The reply should repeat all of the data word for word, with no pictures.

** Opening Data block block **

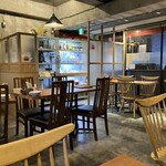 店内はコンクリート打ちっぱなしで、シンプルながら洗練されたモダンな空間。大きな窓が開放的で、ランチタイムは明るく、ディナータイムは温かみのある落ち着いた雰囲気になるよう、シーンによって照明も変えています。キッチンはガラス張りで、シェフが調理する姿を見ることができ、ライブ感も楽しめます。客席は30席で、20~50名の貸し切り利用も可能です。
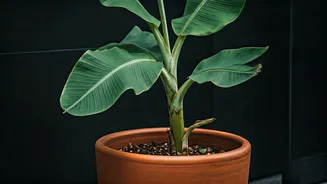 Consistent fertilization supports healthy growth and fruit production. Fertilize your banana plant regularly during the growing season with a balanced fertilizer, following the package directions. Incorporate a slow-release fertilizer into the soil at the start of the season for sustained nourishment. Pruning is key to shaping the plant and getting rid of dead or yellowing leaves. Trim any damaged or dead leaves at the base to improve airflow and prevent disease. Regularly inspect your plant for pests and diseases, such as spider mites or banana weevils. Early detection and prompt treatment are key. Use insecticidal soap or neem oil to control pests if you find them. Re-potting will be necessary as the plant grows and its roots fill the container. Generally, re-pot the plant every one or two years to provide fresh soil and more space for root development.
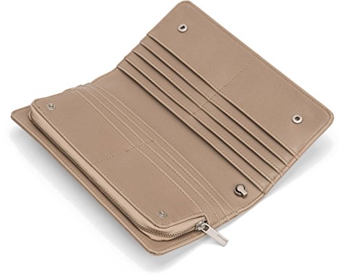 Bifold wallet with snap closure and large zipper coin pocket. INTERIOR: 14 card slots, 2 bill compartments. Detachable wristlet.
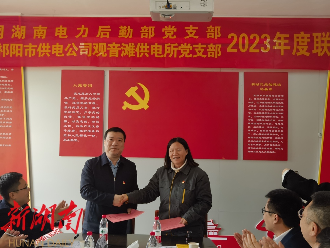 国网湖南省电力公司后勤部与国网祁阳市供电公司观音滩供电所党支部开展“联学联创”活动,以党的二十大精神为抓手,弘扬“松风精神”, 传递政策要求、帮助解决难题、提升业绩指标, 促进 供电所 “ 党建 + ” 工作上台阶、上水平 , 共创党建工作新气象, 重点开展相互学、红色行、振乡村行动。

** Closing Data block block **

▶ **Reply to the task**
 店内はコンクリート打ちっぱなしで、シンプルながら洗練されたモダンな空間。大きな窓が開放的で、ランチタイムは明るく、ディナータイムは温かみのある落ち着いた雰囲気になるよう、シーンによって照明も変えています。キッチンはガラス張りで、シェフが調理する姿を見ることができ、ライブ感も楽しめます。客席は30席で、20~50名の貸し切り利用も可能です。
 Consistent fertilization supports healthy growth and fruit production. Fertilize your banana plant regularly during the growing season with a balanced fertilizer, following the package directions. Incorporate a slow-release fertilizer into the soil at the start of the season for sustained nourishment. Pruning is key to shaping the plant and getting rid of dead or yellowing leaves. Trim any damaged or dead leaves at the base to improve airflow and prevent disease. Regularly inspect your plant for pests and diseases, such as spider mites or banana weevils. Early detection and prompt treatment are key. Use insecticidal soap or neem oil to control pests if you find them. Re-potting will be necessary as the plant grows and its roots fill the container. Generally, re-pot the plant every one or two years to provide fresh soil and more space for root development.
 Bifold wallet with snap closure and large zipper coin pocket. INTERIOR: 14 card slots, 2 bill compartments. Detachable wristlet.
 国网湖南省电力公司后勤部与国网祁阳市供电公司观音滩供电所党支部开展“联学联创”活动,以党的二十大精神为抓手,弘扬“松风精神”, 传递政策要求、帮助解决难题、提升业绩指标, 促进 供电所 “ 党建 + ” 工作上台阶、上水平 , 共创党建工作新气象, 重点开展相互学、红色行、振乡村行动。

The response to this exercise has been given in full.